[Extracted entries]

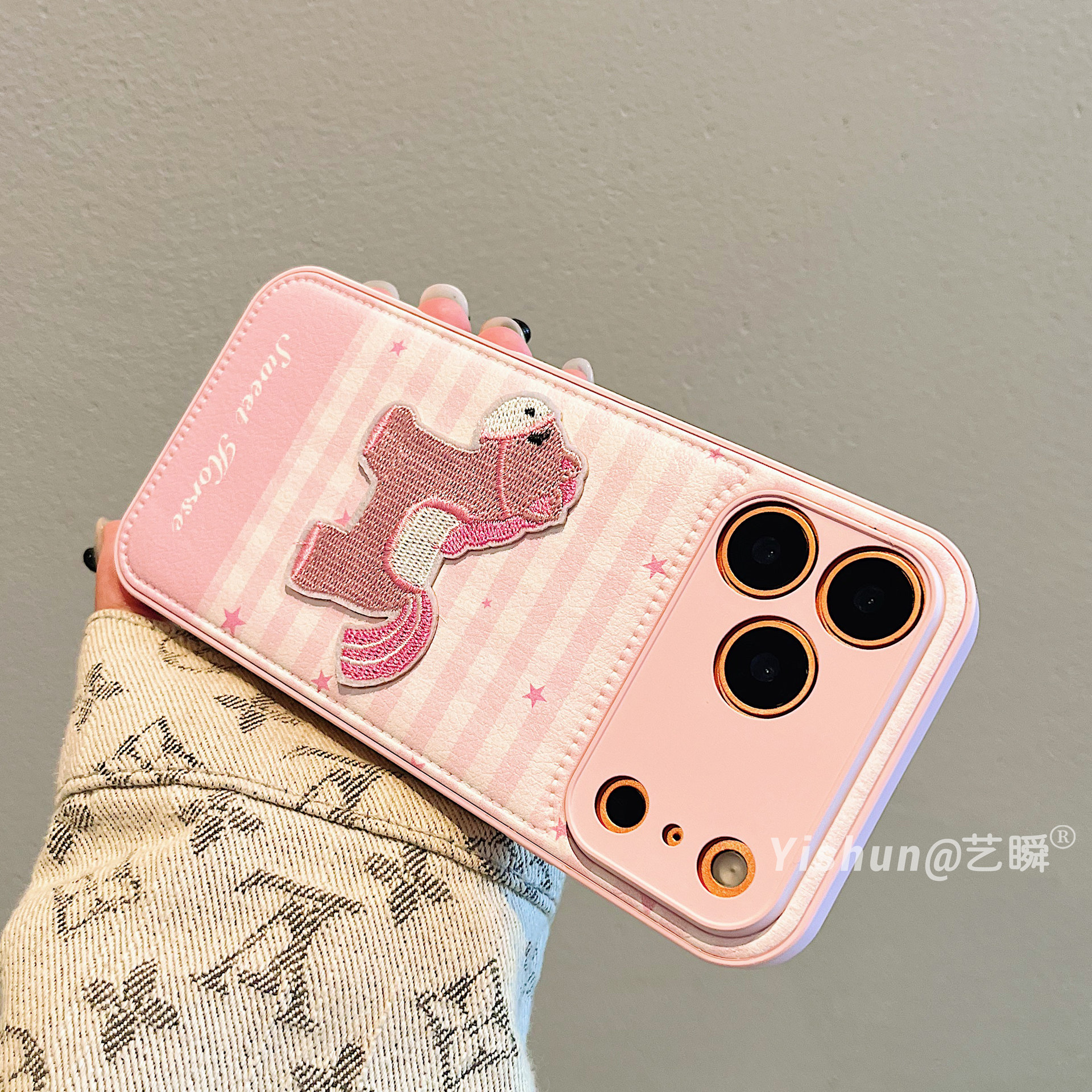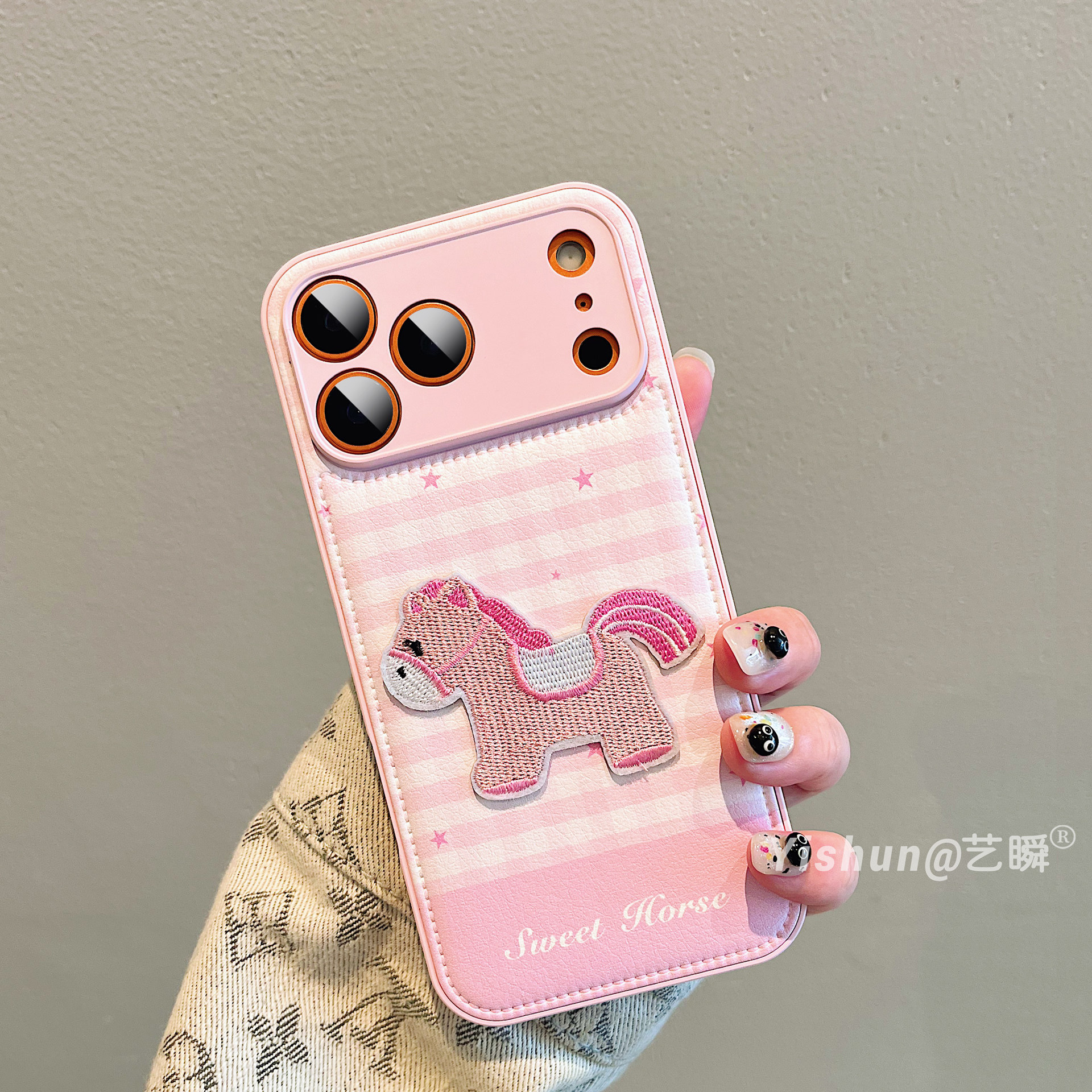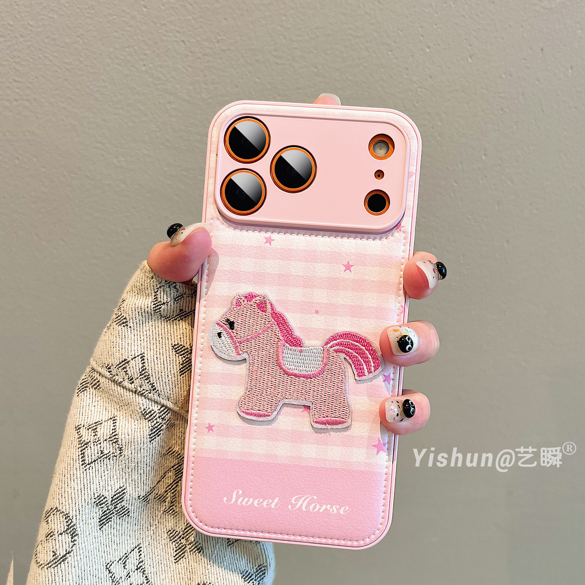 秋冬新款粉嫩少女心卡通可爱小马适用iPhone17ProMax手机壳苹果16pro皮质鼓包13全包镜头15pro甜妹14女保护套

[/Extracted entries]
[Extracted entries]

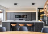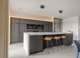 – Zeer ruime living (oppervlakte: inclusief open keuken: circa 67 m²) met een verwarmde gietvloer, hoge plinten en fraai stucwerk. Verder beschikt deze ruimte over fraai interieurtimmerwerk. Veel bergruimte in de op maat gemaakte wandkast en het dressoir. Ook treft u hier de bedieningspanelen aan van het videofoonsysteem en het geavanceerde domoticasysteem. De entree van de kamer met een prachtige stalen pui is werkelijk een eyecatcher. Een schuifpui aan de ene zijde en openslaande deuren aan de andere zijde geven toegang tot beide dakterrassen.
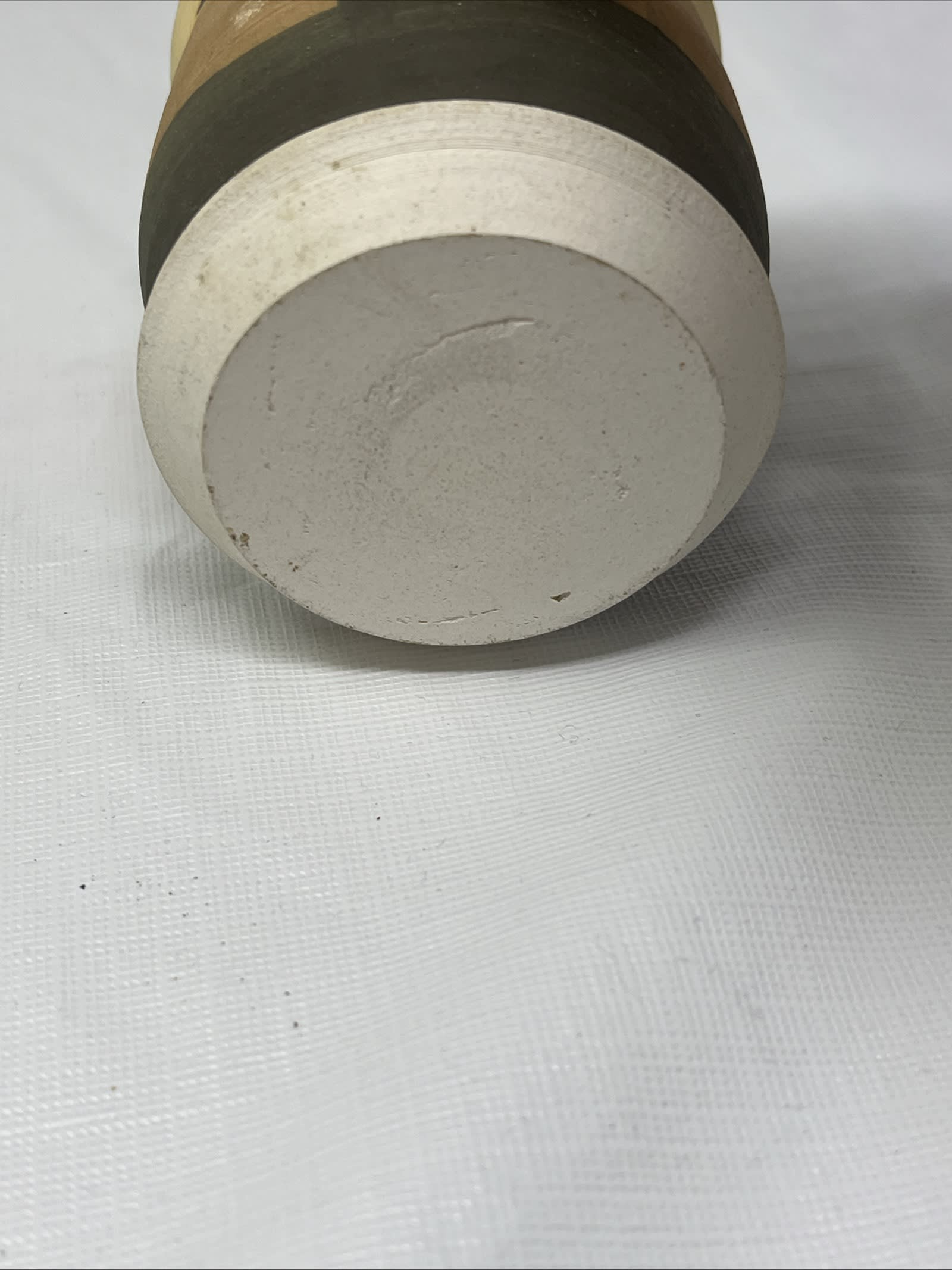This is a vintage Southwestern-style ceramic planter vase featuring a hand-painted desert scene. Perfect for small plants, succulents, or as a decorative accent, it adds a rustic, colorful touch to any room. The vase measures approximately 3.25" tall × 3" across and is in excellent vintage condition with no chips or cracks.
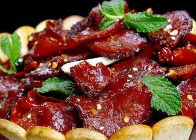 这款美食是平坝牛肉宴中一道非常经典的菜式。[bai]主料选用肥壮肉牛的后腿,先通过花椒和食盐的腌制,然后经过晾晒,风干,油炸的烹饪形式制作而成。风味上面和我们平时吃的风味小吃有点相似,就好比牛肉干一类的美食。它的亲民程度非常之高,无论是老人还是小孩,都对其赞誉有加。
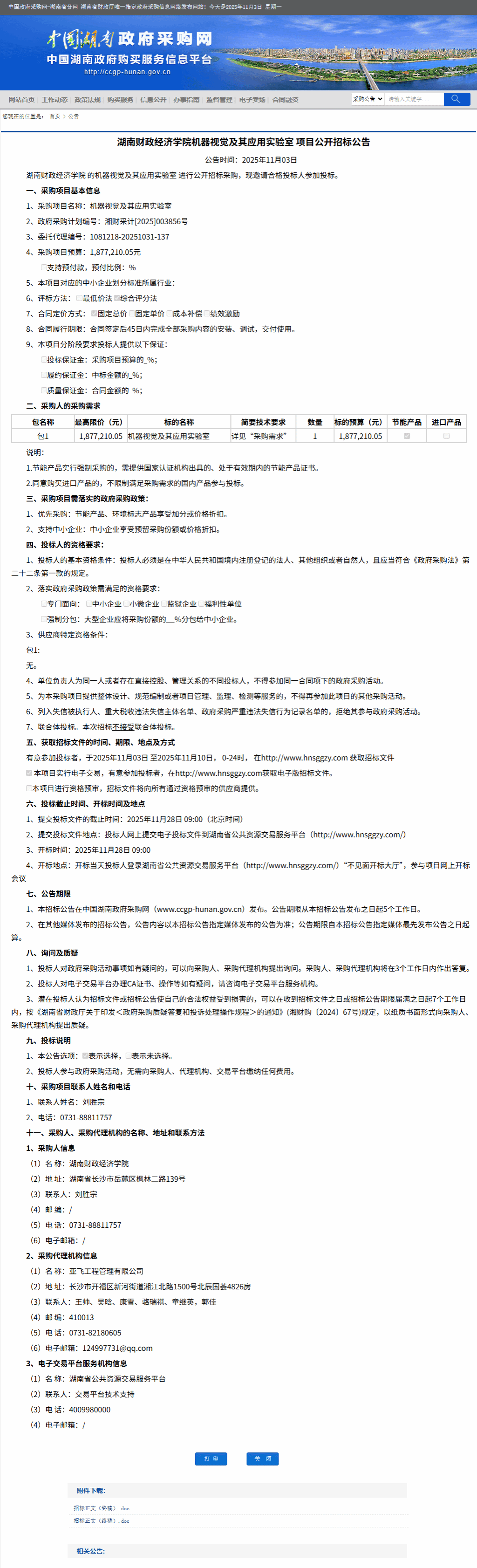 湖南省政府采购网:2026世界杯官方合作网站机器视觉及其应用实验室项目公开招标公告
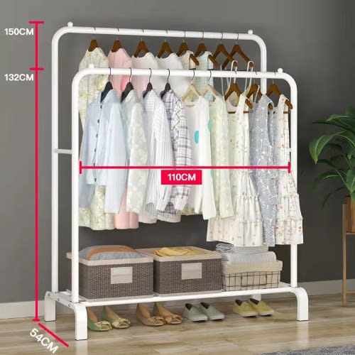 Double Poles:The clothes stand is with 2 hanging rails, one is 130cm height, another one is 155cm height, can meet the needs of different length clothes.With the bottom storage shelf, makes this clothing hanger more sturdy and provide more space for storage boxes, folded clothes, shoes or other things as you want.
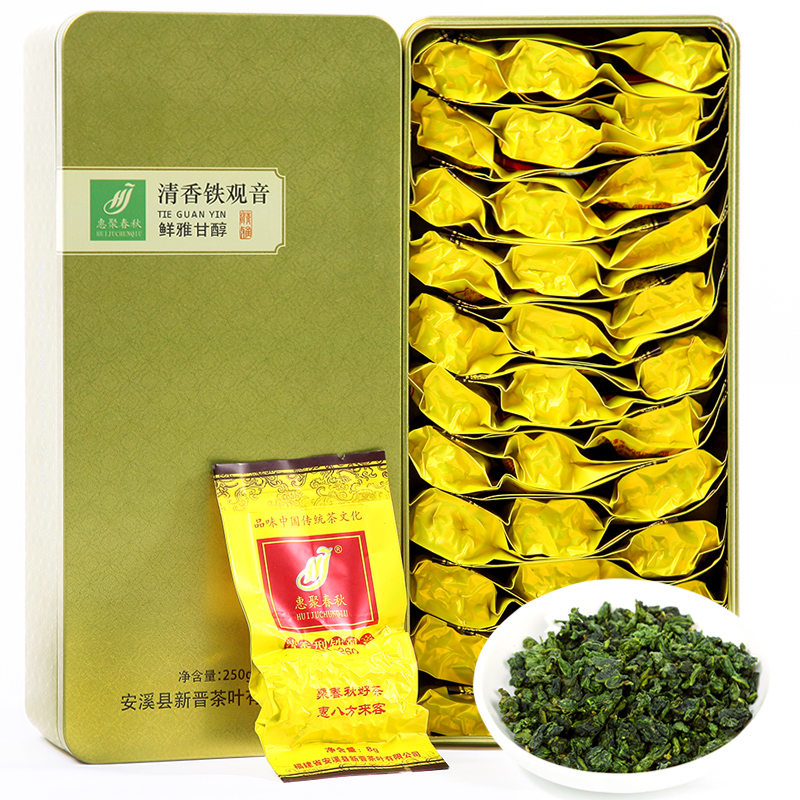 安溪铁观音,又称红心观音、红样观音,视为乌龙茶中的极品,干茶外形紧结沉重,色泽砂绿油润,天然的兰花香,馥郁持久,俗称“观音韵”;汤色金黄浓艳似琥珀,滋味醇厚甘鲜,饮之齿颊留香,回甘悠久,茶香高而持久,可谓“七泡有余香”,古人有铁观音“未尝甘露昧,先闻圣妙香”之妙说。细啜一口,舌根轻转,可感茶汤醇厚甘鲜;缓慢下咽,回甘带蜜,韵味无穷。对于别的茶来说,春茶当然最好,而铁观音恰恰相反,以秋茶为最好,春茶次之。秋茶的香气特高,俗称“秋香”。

[/Extracted entries]

With the pictures omitted, copy the entries above exactly from the line containing "这款美食是平坝牛肉宴中一道非" through the line containing "安溪铁观音,又称红心观音、红", both lines included.

 这款美食是平坝牛肉宴中一道非常经典的菜式。[bai]主料选用肥壮肉牛的后腿,先通过花椒和食盐的腌制,然后经过晾晒,风干,油炸的烹饪形式制作而成。风味上面和我们平时吃的风味小吃有点相似,就好比牛肉干一类的美食。它的亲民程度非常之高,无论是老人还是小孩,都对其赞誉有加。
 湖南省政府采购网:2026世界杯官方合作网站机器视觉及其应用实验室项目公开招标公告
 Double Poles:The clothes stand is with 2 hanging rails, one is 130cm height, another one is 155cm height, can meet the needs of different length clothes.With the bottom storage shelf, makes this clothing hanger more sturdy and provide more space for storage boxes, folded clothes, shoes or other things as you want.
 安溪铁观音,又称红心观音、红样观音,视为乌龙茶中的极品,干茶外形紧结沉重,色泽砂绿油润,天然的兰花香,馥郁持久,俗称“观音韵”;汤色金黄浓艳似琥珀,滋味醇厚甘鲜,饮之齿颊留香,回甘悠久,茶香高而持久,可谓“七泡有余香”,古人有铁观音“未尝甘露昧,先闻圣妙香”之妙说。细啜一口,舌根轻转,可感茶汤醇厚甘鲜;缓慢下咽,回甘带蜜,韵味无穷。对于别的茶来说,春茶当然最好,而铁观音恰恰相反,以秋茶为最好,春茶次之。秋茶的香气特高,俗称“秋香”。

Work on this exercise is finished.